Assigned task:
Below are entries with pictures in them. Output exactly the lines starting at the line with "The 1973 Mint" and ending at the line with "Vandrare vid raststuga", both included, but not the pictures.

Data under study:
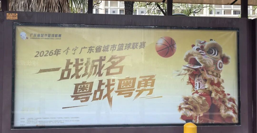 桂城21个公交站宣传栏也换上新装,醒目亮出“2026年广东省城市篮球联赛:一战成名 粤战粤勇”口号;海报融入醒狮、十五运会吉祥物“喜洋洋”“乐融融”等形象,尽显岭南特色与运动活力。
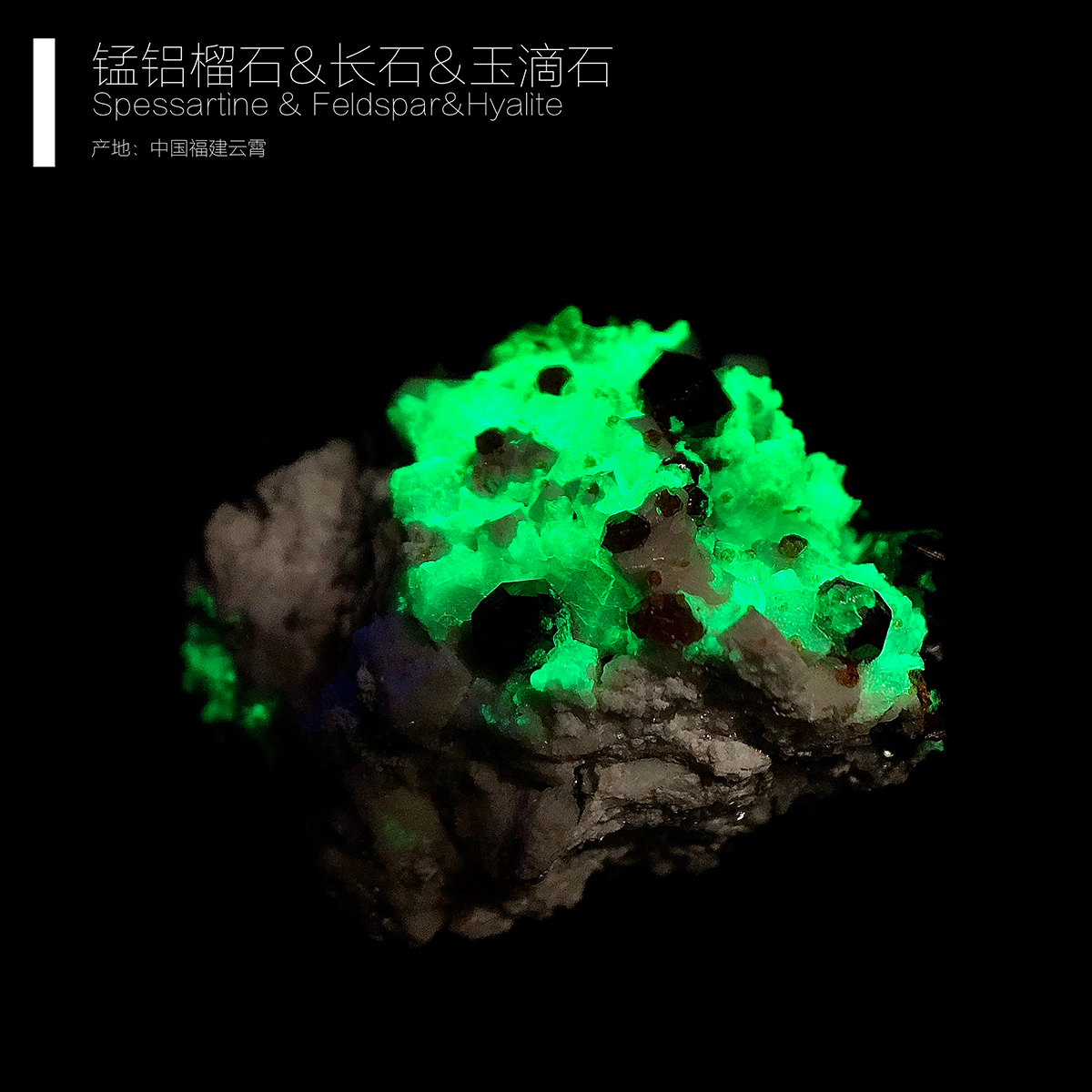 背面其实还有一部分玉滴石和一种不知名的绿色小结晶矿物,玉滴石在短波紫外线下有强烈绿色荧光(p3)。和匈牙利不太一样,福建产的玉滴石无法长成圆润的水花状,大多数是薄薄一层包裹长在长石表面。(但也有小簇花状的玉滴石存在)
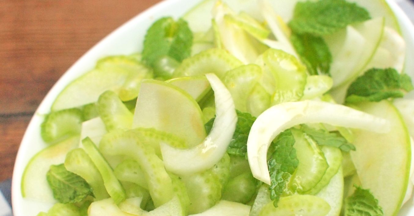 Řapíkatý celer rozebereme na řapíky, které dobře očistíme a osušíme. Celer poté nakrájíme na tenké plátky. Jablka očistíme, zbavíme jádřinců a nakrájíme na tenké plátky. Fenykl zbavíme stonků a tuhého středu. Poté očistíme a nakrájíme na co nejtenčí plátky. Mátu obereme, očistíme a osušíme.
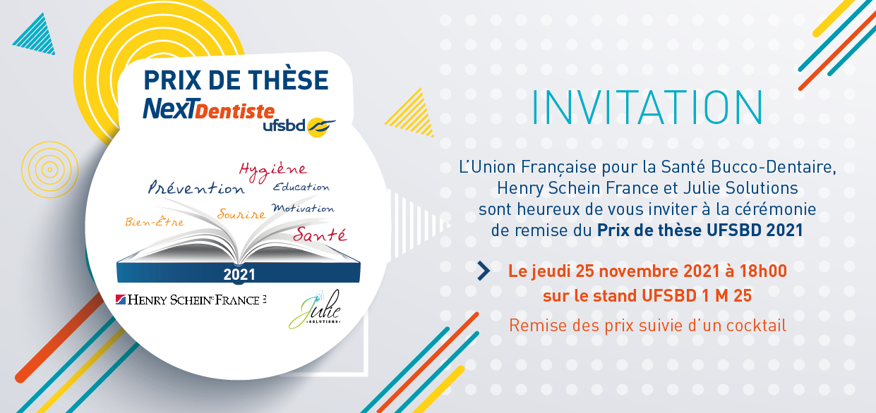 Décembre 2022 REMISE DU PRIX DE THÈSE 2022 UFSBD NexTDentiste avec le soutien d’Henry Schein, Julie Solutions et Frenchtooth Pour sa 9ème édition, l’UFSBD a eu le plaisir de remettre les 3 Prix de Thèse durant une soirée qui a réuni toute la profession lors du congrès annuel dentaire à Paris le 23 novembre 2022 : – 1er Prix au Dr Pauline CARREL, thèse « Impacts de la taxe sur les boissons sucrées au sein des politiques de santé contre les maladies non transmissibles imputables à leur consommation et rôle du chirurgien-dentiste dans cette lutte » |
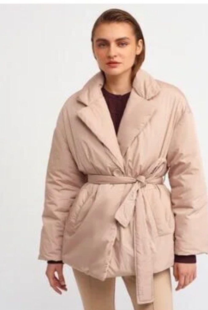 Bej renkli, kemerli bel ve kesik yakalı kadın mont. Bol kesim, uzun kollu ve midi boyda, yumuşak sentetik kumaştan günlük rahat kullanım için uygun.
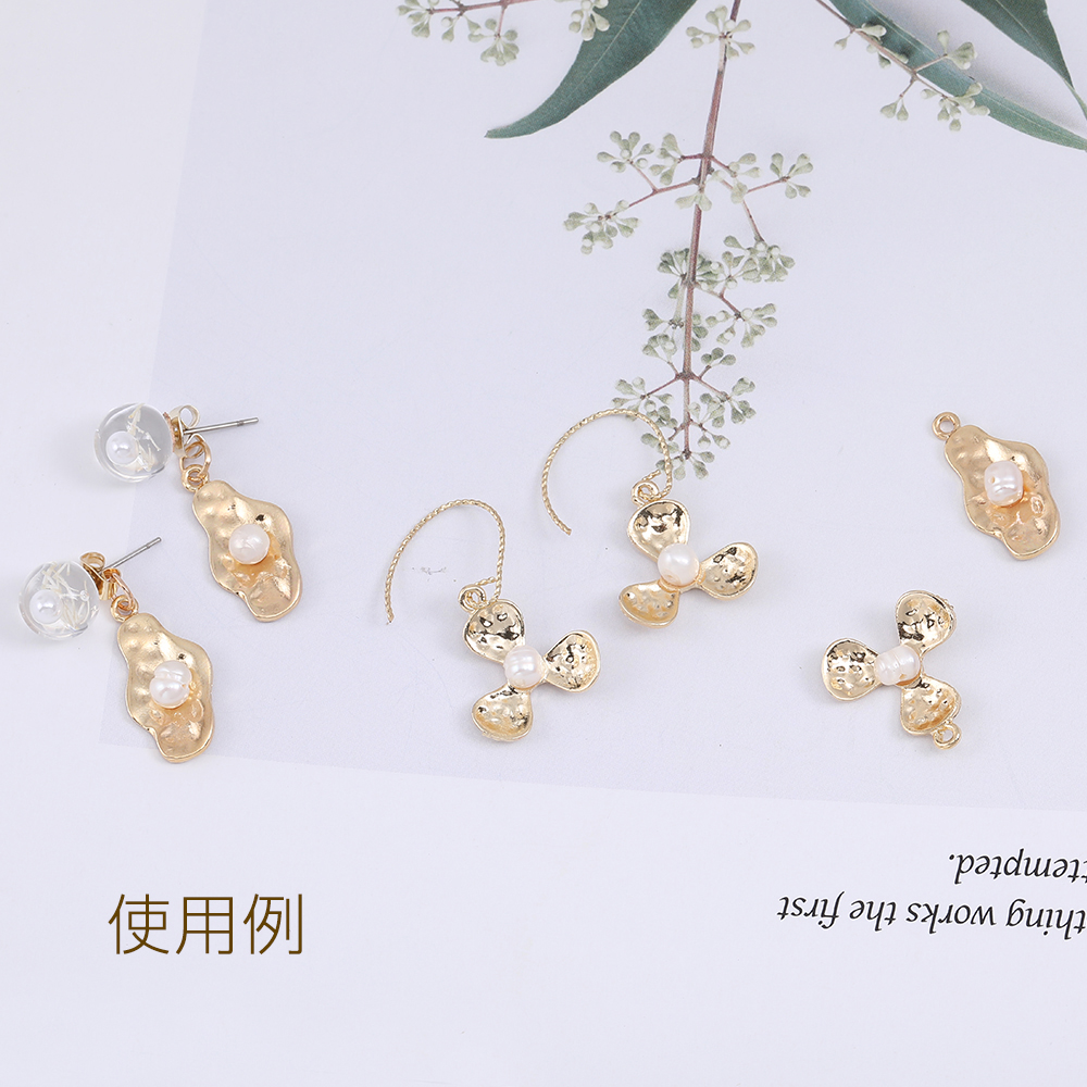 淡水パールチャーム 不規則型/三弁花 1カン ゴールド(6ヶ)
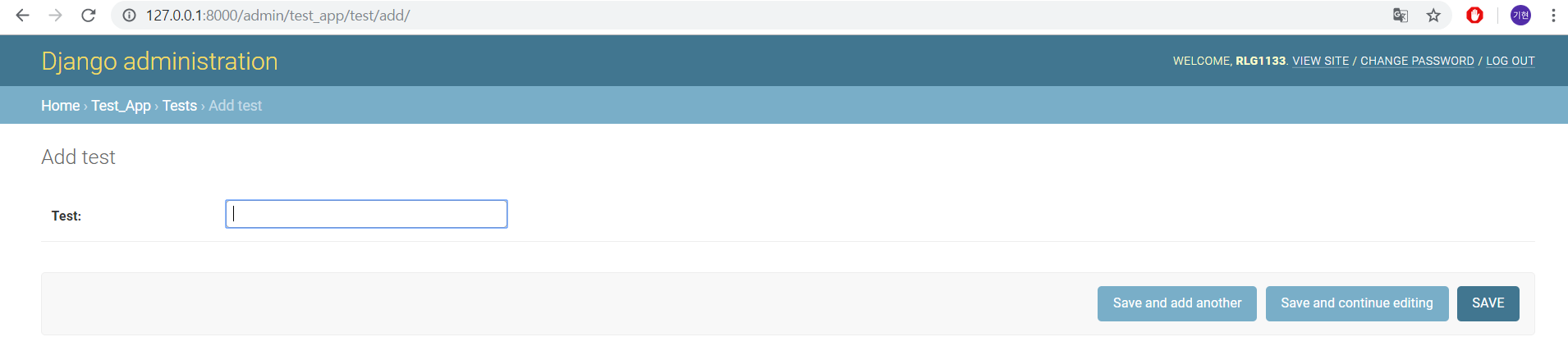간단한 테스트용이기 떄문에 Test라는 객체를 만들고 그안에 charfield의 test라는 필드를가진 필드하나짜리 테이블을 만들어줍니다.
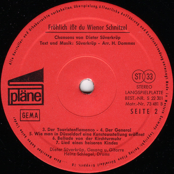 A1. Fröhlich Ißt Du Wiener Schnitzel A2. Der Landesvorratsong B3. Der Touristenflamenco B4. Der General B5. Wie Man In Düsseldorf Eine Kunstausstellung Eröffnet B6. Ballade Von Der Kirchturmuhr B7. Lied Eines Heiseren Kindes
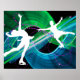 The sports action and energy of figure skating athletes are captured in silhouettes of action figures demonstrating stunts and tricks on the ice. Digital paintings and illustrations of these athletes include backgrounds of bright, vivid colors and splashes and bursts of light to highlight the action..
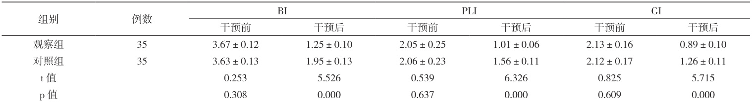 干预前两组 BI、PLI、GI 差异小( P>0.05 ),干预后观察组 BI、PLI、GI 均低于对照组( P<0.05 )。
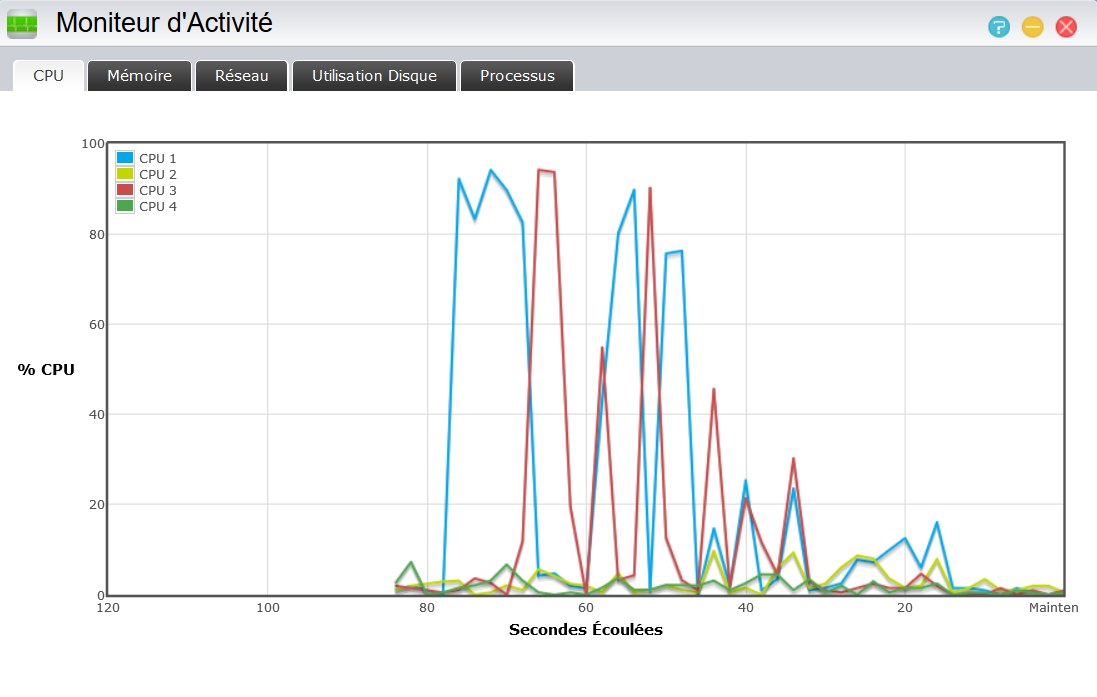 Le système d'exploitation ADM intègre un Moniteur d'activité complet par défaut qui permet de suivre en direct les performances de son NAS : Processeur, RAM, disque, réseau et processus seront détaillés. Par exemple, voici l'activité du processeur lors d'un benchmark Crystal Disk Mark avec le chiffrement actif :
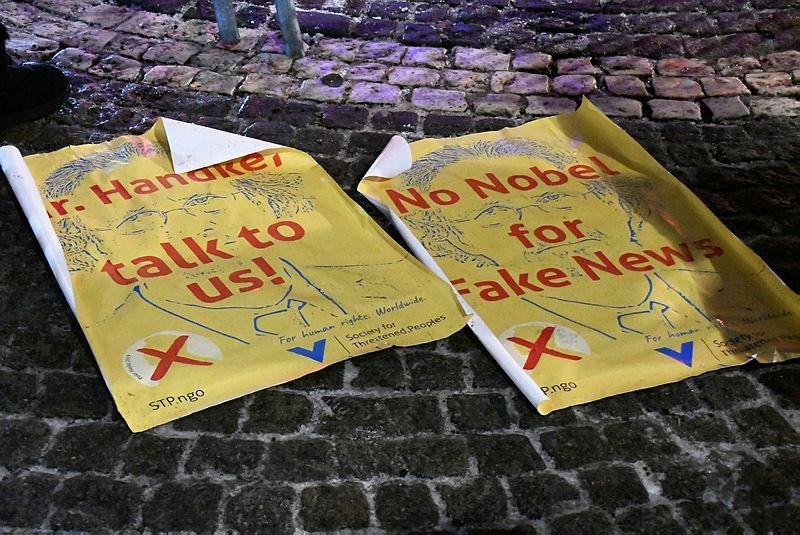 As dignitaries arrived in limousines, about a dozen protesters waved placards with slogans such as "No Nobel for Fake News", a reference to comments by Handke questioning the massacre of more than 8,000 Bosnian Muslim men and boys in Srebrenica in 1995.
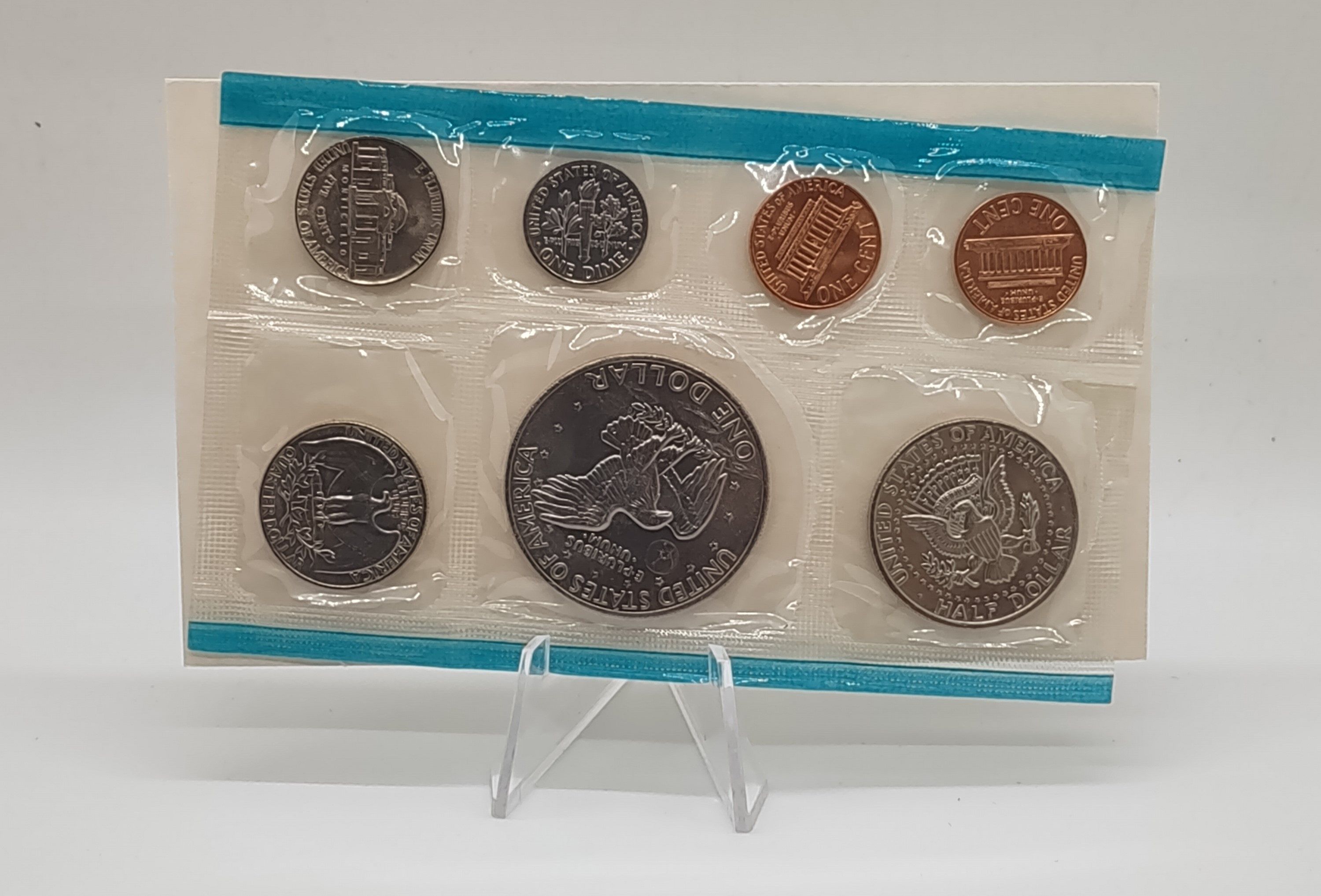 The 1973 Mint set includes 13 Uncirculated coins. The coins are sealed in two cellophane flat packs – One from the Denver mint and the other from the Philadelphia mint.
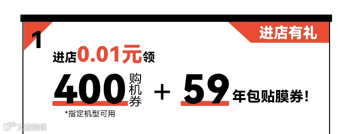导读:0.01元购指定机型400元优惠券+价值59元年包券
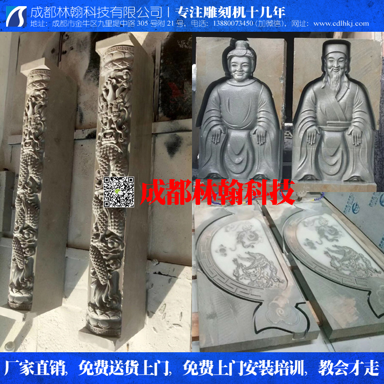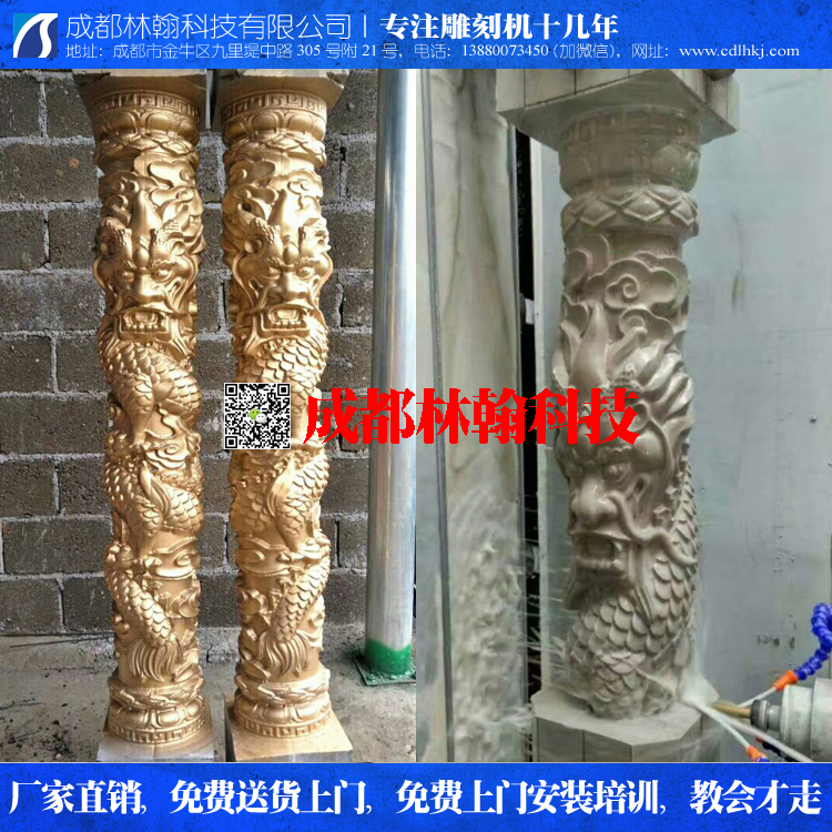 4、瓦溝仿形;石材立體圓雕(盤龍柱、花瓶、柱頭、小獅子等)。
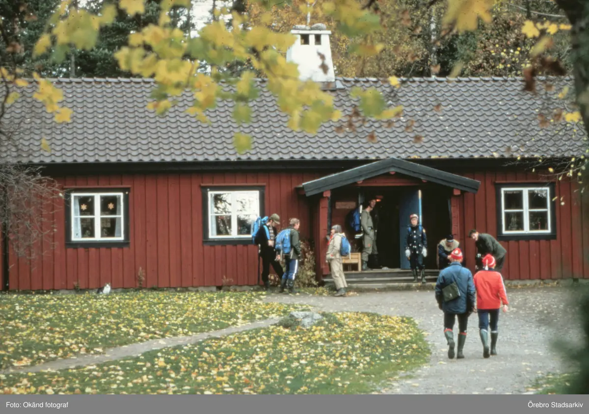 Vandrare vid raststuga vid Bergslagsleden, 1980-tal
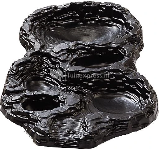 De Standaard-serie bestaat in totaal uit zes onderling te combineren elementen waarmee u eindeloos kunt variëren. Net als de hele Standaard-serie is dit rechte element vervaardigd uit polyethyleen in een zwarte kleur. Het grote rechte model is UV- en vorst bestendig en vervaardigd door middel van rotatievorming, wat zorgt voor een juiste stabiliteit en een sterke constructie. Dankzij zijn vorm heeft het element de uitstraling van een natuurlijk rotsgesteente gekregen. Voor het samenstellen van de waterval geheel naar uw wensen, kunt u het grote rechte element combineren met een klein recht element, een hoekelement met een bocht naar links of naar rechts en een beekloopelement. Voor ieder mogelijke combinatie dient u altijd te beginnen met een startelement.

Answer to this exercise:
 The 1973 Mint set includes 13 Uncirculated coins. The coins are sealed in two cellophane flat packs – One from the Denver mint and the other from the Philadelphia mint.
导读:0.01元购指定机型400元优惠券+价值59元年包券
 4、瓦溝仿形;石材立體圓雕(盤龍柱、花瓶、柱頭、小獅子等)。
 Vandrare vid raststuga vid Bergslagsleden, 1980-tal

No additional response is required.